Хозяин суденышка включает новую сирену, длинную и угрожающую. Вера возле меня нервничает. Ее рука нащупывает мою руку и хватается за нее. Ветер совсем обезумел, и Верины губы посинели. Я протираю пальцем стеклышки ее очков. Тяну-толкаю ее против ветра в ближайший барак. Все окна разбиты, и стены рассыпались по кускам, но есть хотя бы полкрыши. Я усаживаю ее в уголке, между двух стен, будто так она более защищена. «Господи, – думаю я. – Как это мы притащили девяностолетнюю старуху в такое место?» Снаружи, на берегу, Нина ухватилась обеими руками за рубашку моего папы. Ветер доносит до меня крики. «Скажи, чего мне ждать от этой жизни?» Мой папа качает своей бычьей головой. В подобные минуты у него этакое сжатое, поросшее мехом рычание. Нет, нет и нет!

«Возьми камень, Рафи, я освобождаю тебя от всего. Если ты и вправду меня любишь, возьми большой камень и ударь меня по голове». Он жмет всей своей массой на железяку. Она кричит и обеими руками царапает ему лицо.

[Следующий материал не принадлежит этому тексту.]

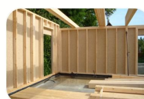
DÉCEMBRE - BT54

Он встал с нее и снова побежал к полю с валунами. Она изгибается всем телом, чтобы за ним наблюдать. Я выхожу из барака ему навстречу. Дикий порыв ветра почти сбивает меня с ног. И новый порыв. Она, Нина, пришла умереть здесь, в этом месте, где прожила всю свою жизнь. Она пришла, чтобы сплестись со своей смертью, которая поджидает ее здесь с тех пор, как ей исполнилось шесть с половиной лет. С тех пор, как ее бросили и предали. Рафи машет мне руками и кричит, чтобы бежала к причалу. Я жестом показываю, что суденышко уже отплыло. Он орет: «Сейчас!» Я не понимаю почему, но он в этот момент владеет силой, которая передвигает вещи. По пути я заглядываю в барак. Вера сидит на земле точно в той же позе, в которой я ее оставила. Взгляд остекленевший. Выглядит как некое существо, что-то среднее между человеком и птицей. Рафи рычит, чтобы я спешила. Я бегу. Вспоминаю, что на съемочной площадке он был как сама стихия. Актеры были как куклы в его руках, и им это не нравилось, они против него восставали. И из-за этого тоже все рухнуло. Я шарю под всеми слоями одежек и в кармане кофты нахожу его спрей изосорбида динитрата от стенокардии и аспирин, который нужно рассасывать. Я бегу, взбираюсь на какой-то холмик. С него я вижу удаляющееся суденышко. Черная точка на сером горизонте. Я фотографирую своим смартфоном, но ничего, конечно, не видно. Глупость, что не взяла у Рафи камеру. Со своей точки наблюдения я вижу и Рафи, который бегом возвращается к Нине с другой железякой, которая, как мне отсюда видится, вроде помассивней. Он снова укрывает ее своей курткой. «Чтобы ты, зайка, себе попку не простудила», – уж точно шепчет он ей. И она в ярости его бьет. Может быть, надеялась, что мы и правда смылись и ее бросили – к чему ей не привыкать. Он с ней говорит. Гладит ей волосы, а я продолжаю их фотографировать своим смартфоном. На таком расстоянии ничего не выходит. Но я не способна это бросить, это фильм моей жизни.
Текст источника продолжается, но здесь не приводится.